Sesja 17: Potoki CI/CD dla rozwiązań AI
MLOps i automatyzacja deployment
🎯 Cele sesji
- Implementacja CI/CD pipelines dla projektów ML
- Azure DevOps dla automatyzacji MLOps
- Model deployment strategies (blue-green, canary)
- Automated testing dla ML systems
🔄 MLOps Pipeline Architecture
CI/CD dla Machine Learning
CODE COMMIT → AUTOMATED TESTING → MODEL TRAINING → MODEL VALIDATION → DEPLOYMENT
↓ ↓ ↓ ↓ ↓
VERSION CTRL → DATA VALIDATION → EXPERIMENT TRACKING → QUALITY GATES → MONITORING
Kluczowe komponenty:
- Source Control - kod, data versioning, model registry
- Automated Testing - unit tests, data validation, model tests
- Training Pipeline - automated retraining, hyperparameter optimization
- Model Validation - performance benchmarking, bias testing
- Deployment - containerization, blue-green deployments
Azure DevOps dla ML
# azure-pipelines.yml dla ML project
trigger:
branches:
include:
- main
- develop
paths:
include:
- src/
- data/
- models/
variables:
azureServiceConnection: 'azure-ml-service-connection'
workspaceName: 'ai-workshop-workspace'
experimentName: 'production-model-training'
stages:
- stage: DataValidation
displayName: 'Data Quality Validation'
jobs:
- job: ValidateData
displayName: 'Validate Training Data'
pool:
vmImage: 'ubuntu-latest'
steps:
- task: UsePythonVersion@0
inputs:
versionSpec: '3.9'
- script: |
pip install -r requirements.txt
python scripts/validate_data.py --data-path $(dataPath)

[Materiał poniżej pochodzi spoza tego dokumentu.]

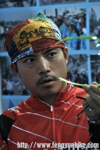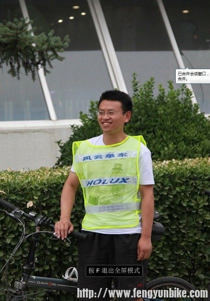 风云ID:浔阳,一个刚刚注册风云没多久的新菜鸟。二饼子此处又一次要感到自卑了:两字就认识一半,内牛满面的独行说:我也是。说话的时候,浔阳是个腼腆的小伙儿。我说起让他来当志愿者,他说我谁都不认识,去了就让我干不用认识也能干的活儿。13号那天,风云人来展会的不下两百人(55555我光雪糕就发出去一百二十个),骑车前来的车友十之八九,那一天我们都记得火爆的场面,同样火爆的是外面的太阳,那叫一个晒那叫一个热啊,浔阳小盆友就这样在炙热中为我们守候着那数十辆自行车,浔阳说:这个责任太艰巨了,车一辆比一辆贵,我还都不认识这些主人,就怕不良分子冒领错认——没办法就强制性记忆,55555要是有便利贴就好了,我挨个儿给贴条,主人呢手里也拿一个条,两条一对,车你骑走……展馆里的亲们有雪糕吃,浔阳只有我一早拿过去的几瓶绿茶喝,午饭时候国爷去换了他来吃饭,浔阳笑一笑,吃完饭又立刻走上看车岗位——这样的精神,难怪独行说:我代表风云官方表示慰问,的确要好好慰问。还有同样的看车人:风云ID:醉林7闲,一个连照片都没来得及留下的我们志愿者。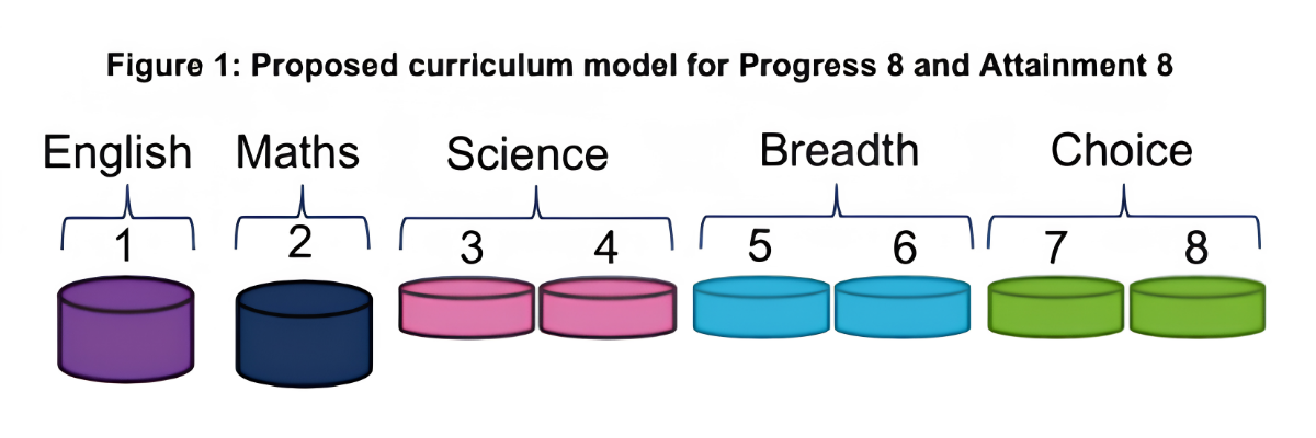 The Government proposes to continue using a slightly modified Progress 8 model based on pupil performance in 8 qualifications, divided into 8 category slots, as illustrated below.

displayName: 'Run Data Validation'
- task: PublishTestResults@2
inputs:
testResultsFiles: 'data-validation-results.xml'
- stage: ModelTraining
displayName: 'Model Training & Evaluation'
dependsOn: DataValidation
condition: succeeded()
jobs:
- job: TrainModel
displayName: 'Train and Evaluate Model'
pool:
vmImage: 'ubuntu-latest'
steps:
- task: AzureCLI@2
displayName: 'Train Model in Azure ML'
inputs:
azureSubscription: $(azureServiceConnection)
scriptType: 'bash'
scriptLocation: 'inlineScript'
inlineScript: |
az ml job create --file training-job.yml \
--workspace-name $(workspaceName)
- stage: ModelDeployment
displayName: 'Model Deployment'
dependsOn: ModelTraining
condition: and(succeeded(), eq(variables['Build.SourceBranch'], 'refs/heads/main'))
jobs:
- deployment: DeployToStaging
displayName: 'Deploy to Staging'
environment: 'staging'
strategy:
runOnce:
deploy:
steps:
- task: AzureCLI@2
displayName: 'Deploy Model Endpoint'
inputs:
azureSubscription: $(azureServiceConnection)
scriptType: 'bash'
scriptLocation: 'inlineScript'
inlineScript: |
az ml online-endpoint create --file staging-endpoint.yml
az ml online-deployment create --file staging-deployment.yml
🚀 Model Deployment Strategies
Blue-Green Deployment
from azure.ai.ml import MLClient
from azure.ai.ml.entities import ManagedOnlineEndpoint, ManagedOnlineDeployment
class ModelDeploymentManager:
def __init__(self, ml_client):
self.ml_client = ml_client
async def blue_green_deployment(self, model_name, new_model_version, endpoint_name):
"""Blue-green deployment strategy"""
print(f"🔄 Starting blue-green deployment for {model_name}")
try:
# Get current deployment status
current_deployments = list(
self.ml_client.online_deployments.list(endpoint_name)
)
# Determine current and new deployment names
if current_deployments:
active_deployment = current_deployments[0].name
new_deployment = "green" if active_deployment == "blue" else "blue"
else:
active_deployment = None
new_deployment = "blue"
print(f"📊 Current: {active_deployment}, New: {new_deployment}")
# Create new deployment
deployment_config = ManagedOnlineDeployment(
name=new_deployment,
endpoint_name=endpoint_name,
model=f"{model_name}:{new_model_version}",
instance_type="Standard_DS3_v2",
instance_count=1,
request_settings={
"request_timeout_ms": 60000,
"max_concurrent_requests_per_instance": 1
},
liveness_probe={
"initial_delay": 10,
"period": 10,
"timeout": 2,
"failure_threshold": 30
}
)
# Deploy new version
print(f"🚀 Deploying {new_deployment}...")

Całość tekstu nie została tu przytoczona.